- Casino building with Swissôtel Clark in the background. May 2024
- Interactive map of Hann Resorts
- Location: Clark Freeport Zone, Angeles City, Pampanga, Philippines; 15°11′27″N 120°31′29″E﻿ / ﻿15.19097°N 120.52471°E;
- Opened: 2008 (as Widus Hotel) 2009 (start of casino operations)
- Casino type: Integrated resort
- Owner: Hann Philippines
- Operating license holder: PAGCOR
- Previous names: Widus Hotel and Casino
- Website: www.hannresorts.com

= Hann Resorts =

Casino hotel in Pampanga, Philippines

Hann Resorts (stylized as HANN), or Hann Casino Resort, is an integrated resort at the Clark Freeport Zone in Angeles City, Pampanga, Philippines.

==History==
Hann Resorts is operated and owned by Hann Philippines, a company linked to South Korean businessman Dae Sik Han. Han would start developing the casino-hotel complex as early as 2006 with no connections to Filipinos.

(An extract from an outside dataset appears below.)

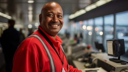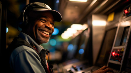 Portrait of a cheerful African American truck driver smiling warmly while seated in his vehicle, wearing a cap and work attire.

The development of the Hann Resorts began with the opening of the Widus Hotel in 2008. The hotel initially suffered low occupancy rates during the 2008 financial crisis until the owners were granted a license to operate a casino in 2009.

The complex would expand with the opening of the 260-room Clark Marriott Hotel in 2018.

The complex would then be re-inaugurated under its current name "Hann Casino Resort" in December 15, 2021.

Another hotel, the Swissôtel Clark would open within the integrated resort in 2022.